The Supreme Administrative Court recently dealt with yet another transfer-pricing case. The dispute involved the entitlement of a toll manufacturer to report losses due to unfavourable developments in the target market.

The controlled entity manufactured cables using raw materials provided by the parent company and, according to the transfer-pricing documentation, operated as its detached manufacturing plant. The transfer price was set as the price per minute of manufacturing service and the transfer price was updated every six months. In 2008, the manufacturer incurred a loss due to a significant drop in the production volume.

The tax administrator levied additional tax onto the entity as a percentage of actually incurred costs, using the tax administration’s own Amadeus-based comparative analysis.
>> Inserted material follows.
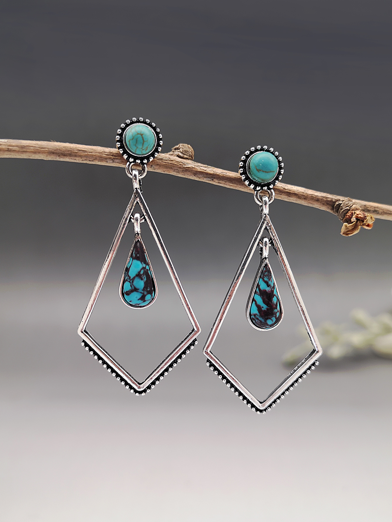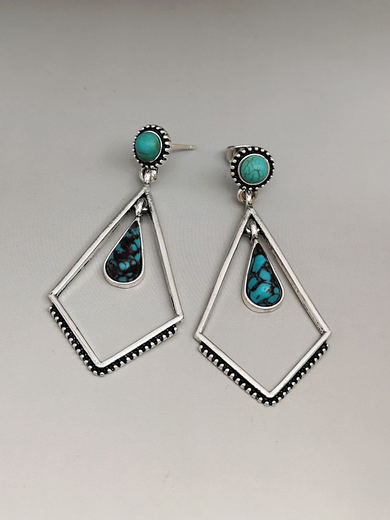Product Information:Style: simpleMaterial: Alloy + TurquoiseTreatment process: electroplatingType: EarringsStyle: Women'sModeling: GeometryPacking List:Earrings*1
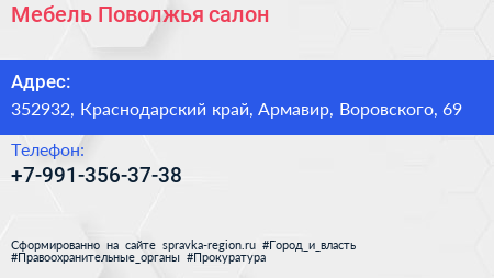 Мебель Поволжья, салон по адресу 352932, Краснодарский край, Армавир, Воровского, 69 в дальнейшем Организация, размещена в следующих категориях:

The administrator did not acknowledge the drop in output as an argument, claiming that the manufacturer did not control the utilisation of its production capacity. Moreover, the documentation explicitly stated that the “detached manufacturing plants do not bear any other risks but those linked to their production function”.

The Supreme Administrative Court confirmed the legitimacy of the profit adjustment by the tax administrator (5 Afs 194/2015). According to underlying documentation submitted by the manufacturer during the tax inspection, the cost plus method should have been applied, taking into account all production costs. According to the court, it was appropriate to remunerate the total production activity.

What is positive about the tax administrator’s approach is that it compares the Czech manufacturer’s profitability against the lowest values of profitability for entities selected within a comparative analysis. Negative is that the tax administrators did not deal in much detail with the activities that were in fact carried out by the companies being benchmarked and relied solely on the provided code of classification of economic activities.

The decision is a confirmation of the tax administrator’s consistent long-term approach towards companies whose functions are significantly restricted, particularly when such a fact also emerges from the presented transfer-pricing documentation.

We expect that the decision will back tax administrators and that loss-making companies operating as contract manufacturers or toll manufacturers will continue being easy prey for the tax administrator in the future. Timely and diligent preparation for a transfer pricing inspection as well as consistent argumentation to support any losses is therefore highly recommendable.